Scroll untuk membaca artikel
Candra Kartiko | Sam Edy Yuswanto
Buku "Cerita Cinta Indonesia". (Dok. Pribadi/Sam Edy)

             Ibu adalah sosok perempuan yang harus kita hormati. Perjuangannya dalam merawat dan membesarkan anak-anaknya begitu berat dan panjang. Tak hanya mengandung selama kurang lebih sembilan bulan hingga akhirnya berhasil melahirkan anaknya dengan nyawa sebagai taruhan, tapi juga segala kerepotannya dalam mengasuh anak hingga besar.

             Ditambah lagi, ketika seorang ibu harus berjuang mencari nafkah untuk anak-anaknya karena suaminya telah meninggal dunia atau karena dia telah berstatus menjadi janda. Sebagaimana kisah Yu Ngatemi dalam buku kumpulan cerpen berjudul Cerita Cinta Indonesia karya para penulis dengan latar belakang beragam ini.

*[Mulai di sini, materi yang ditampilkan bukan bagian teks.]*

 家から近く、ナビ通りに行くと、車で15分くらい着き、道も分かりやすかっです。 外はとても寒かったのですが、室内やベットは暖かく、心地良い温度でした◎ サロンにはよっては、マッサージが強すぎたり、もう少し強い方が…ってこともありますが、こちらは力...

            Yu Ngatemi merupakan salah satu cerpen karya Anjar Anastasia. Berkisah tentang Yu Ngatemi, seorang perempuan yang telah berstatus janda yang memiliki tiga anak yang harus dia asuh dan nafkahi. Dia diceraikan oleh suaminya yang kepincut dengan perempuan lain di kampung sebelah. 

            Pada akhirnya, menjadi penjual sayuran adala pekerjaan Yu Ngatemi. Dengan mengayuh sepeda usang, ia membawa sayuran dari desa ke pasar dengan jarak yang cukup jauh, berkilo-kilometer, melewati jalan raya dan kecil. Pagi-pagi benar, ketika orang lain baru akan berangkat kerja, dia sudah mengayuh sepedanya. Menjelang malam kayuhannya melintas di sepanjang jalan itu lagi, sementara para pekerja lain sudah santai di rumah.

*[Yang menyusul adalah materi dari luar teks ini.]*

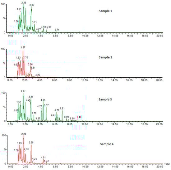 The obtained results indicated the presence of volatile organic compounds in the tested samples, including many aromatic and cyclic hydrocarbons (cycloalkanes). Qualitative analysis did not reveal significant differences in the four samples obtained (Table 5). Gasoline is a fuel that does not occur in the natural environment but is produced in primary or destructive refining processes, which means that it consists of up to several hundred substances with various physical and chemical properties. However, the main components of gasoline include aliphatic hydrocarbons with carbon atoms ranging from 5 to 12 and trace amounts of unsaturated and aromatic hydrocarbons. Therefore, alkenes and alkanes were observed in all samples, regardless of the engine operating point, as they are the main components of petroleum gases, i.e., butene, octane, heptane, hexene, and 3,3-dimethyl-1,2-epoxybutane, formed as a result of the oxidation of 4-heptanal and 2,3-dimethylhexane. These are primarily branched alkanes with long carbon chains and retention times of 1.66–1.95.

            Yu Ngatemi bisa bekerja seperti sekarang karena kebaikan Wak Haji, tetangganya. Wak Haji yang orang kaya tapi tidak punya anak itu memiliki kebun luas. Melihat hidup Yu Ngatemi penuh keprihatinan, Wak Haji memberi wanita itu kesempatan untuk menjualkan hasil palawija dari sebagian kebunnya.

            Raut wajah Yu Ngatemi selalu tanpa ekspresi dan tidak terlihat lelah. Boleh dibilang, tampaknya ia sangat menikmati pekerjaannya. Bahkan ketika barang dagangannya tidak laku. Hujan, debu, dan panas terik adalah saksi perjuangannya demi memenuhi kebutuhan hidup setiap hari.

           Sayangnya, ada satu kesalahan yang dilakukan oleh Yu Ngatemi. Ia berhubungan dengan rentenir yang membuat kehidupannya semakin bertambah susah. Kebutuhan hidup yang semakin tinggi membuatnya terpaksa berutang pada rentenir. Meski begitu, ia masih beruntung memiliki tiga yang menjadi sumber semangat yang selalu menjadi pupuk di kala kegairahan untuk meneruskan hidup sedang melayu. Ia bersyukur memiliki mereka. Senyum mereka bak gerimis segar saat kemarau panjang menerpa (Cerita Cinta Indonesia, halaman 27).

            Kisah Yu Ngatemi, sosok ibu yang begitu gigih menafkahi dan membesarkan anak-anaknya tersebut semoga bisa menjadi bahan kita merenungi dan mensyukuri hidup yang keras ini. Betapa masih banyak orang kesulitan di luar sana yang harus dibantu oleh sesamanya, termasuk uluran pertolongan kita tentunya.